__Supplied data__
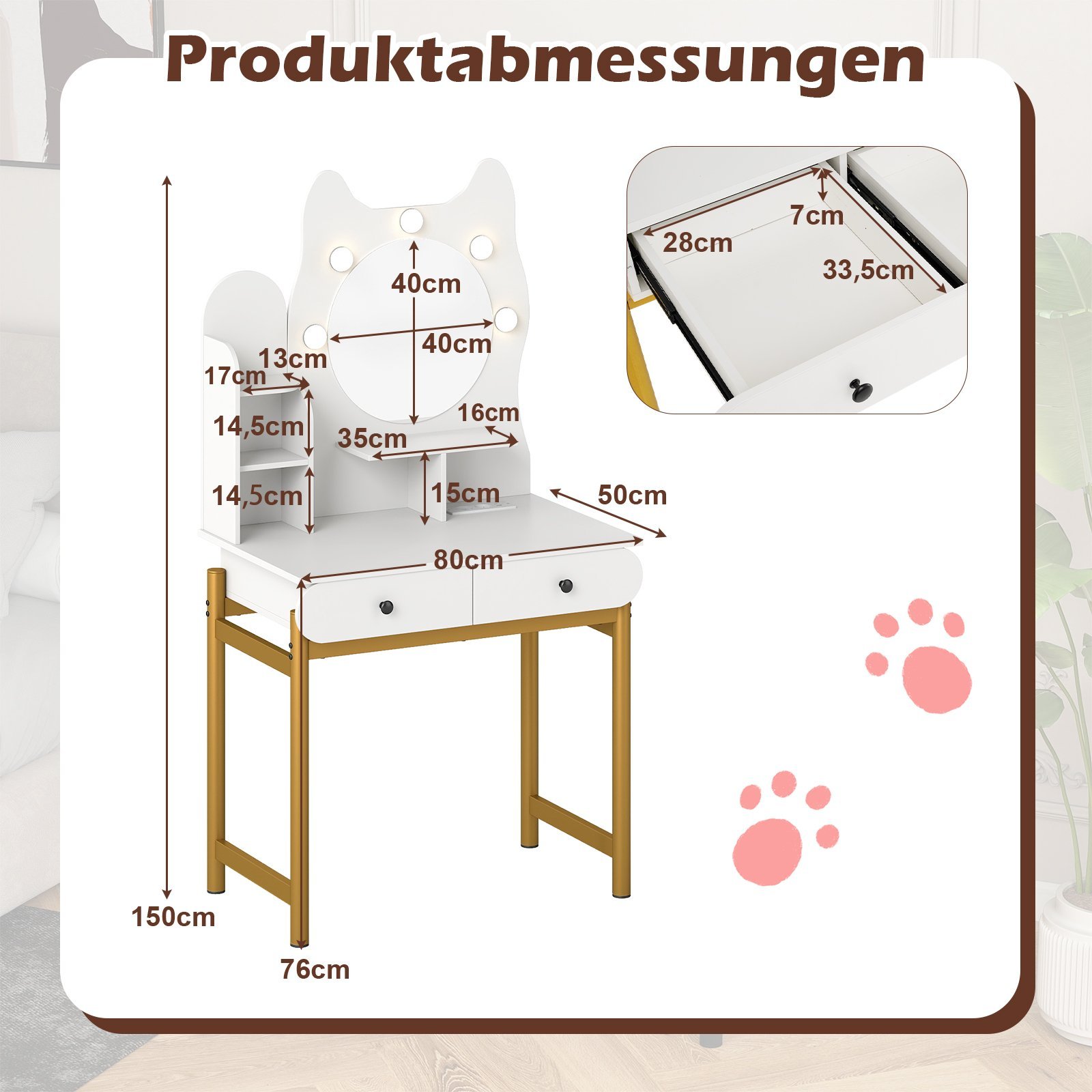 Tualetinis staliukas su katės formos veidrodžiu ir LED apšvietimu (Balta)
--
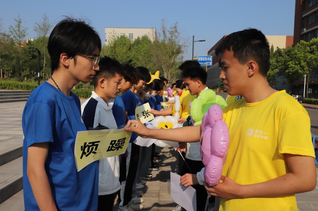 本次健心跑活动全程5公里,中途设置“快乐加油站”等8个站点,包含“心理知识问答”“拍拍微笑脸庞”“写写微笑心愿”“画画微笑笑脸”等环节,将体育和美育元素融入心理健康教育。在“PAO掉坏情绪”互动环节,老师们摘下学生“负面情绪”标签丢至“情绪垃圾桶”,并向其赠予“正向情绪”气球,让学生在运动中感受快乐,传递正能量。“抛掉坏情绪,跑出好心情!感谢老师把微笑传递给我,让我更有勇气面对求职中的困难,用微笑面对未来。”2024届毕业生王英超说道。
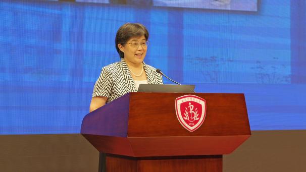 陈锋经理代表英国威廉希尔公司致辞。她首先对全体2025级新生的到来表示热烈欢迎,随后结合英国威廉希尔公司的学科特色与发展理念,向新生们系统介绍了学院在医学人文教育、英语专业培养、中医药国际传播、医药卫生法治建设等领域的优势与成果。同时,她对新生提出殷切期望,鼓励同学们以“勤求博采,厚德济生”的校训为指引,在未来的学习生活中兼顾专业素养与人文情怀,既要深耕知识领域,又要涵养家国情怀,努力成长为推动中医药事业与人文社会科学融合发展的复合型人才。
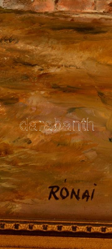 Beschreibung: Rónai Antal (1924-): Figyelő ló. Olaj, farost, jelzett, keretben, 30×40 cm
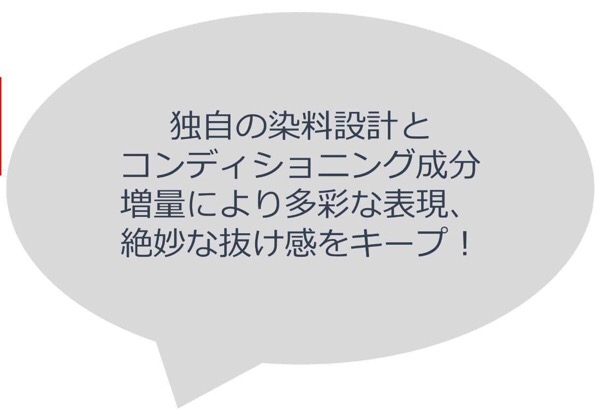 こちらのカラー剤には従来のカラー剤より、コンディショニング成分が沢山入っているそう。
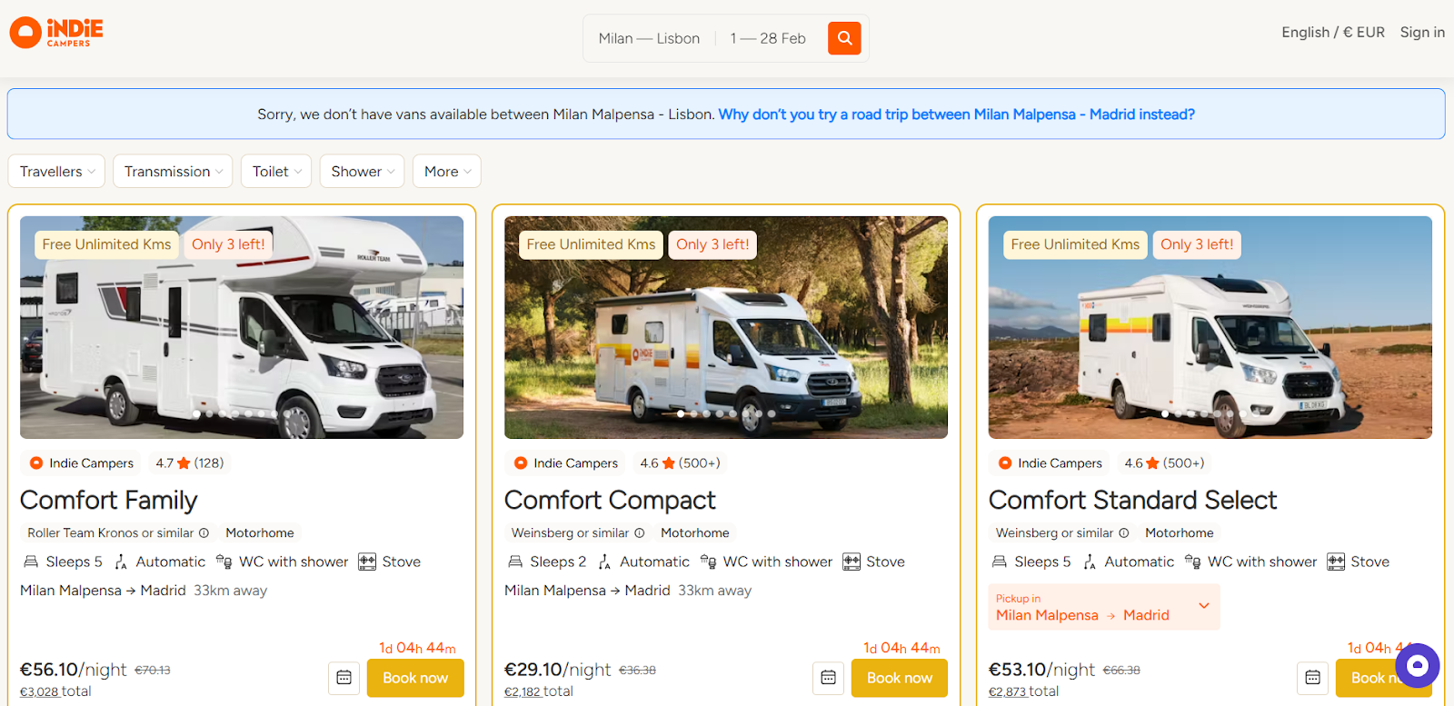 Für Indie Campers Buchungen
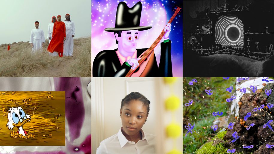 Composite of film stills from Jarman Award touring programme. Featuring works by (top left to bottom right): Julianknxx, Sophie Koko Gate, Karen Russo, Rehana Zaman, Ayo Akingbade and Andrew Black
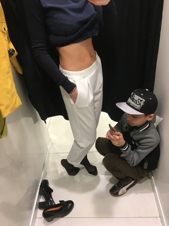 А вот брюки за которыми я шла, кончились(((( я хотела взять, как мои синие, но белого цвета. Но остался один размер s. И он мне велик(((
---
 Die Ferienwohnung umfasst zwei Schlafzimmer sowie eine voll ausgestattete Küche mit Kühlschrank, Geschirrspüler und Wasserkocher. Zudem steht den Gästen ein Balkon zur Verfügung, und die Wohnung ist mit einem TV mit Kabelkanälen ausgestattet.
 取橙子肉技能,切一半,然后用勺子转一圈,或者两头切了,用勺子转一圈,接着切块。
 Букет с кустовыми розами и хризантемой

__Work to be completed__
The lines above, starting at the one with "取橙子肉技能,切一半,然后用勺子转一圈,或者两头切了,用勺子转一圈,接着切块。" and ending at the one with "Букет с кустовыми розами и хризантемой", are the only ones to return, exactly as written.

__Reply to the exercise__
 取橙子肉技能,切一半,然后用勺子转一圈,或者两头切了,用勺子转一圈,接着切块。
 Букет с кустовыми розами и хризантемой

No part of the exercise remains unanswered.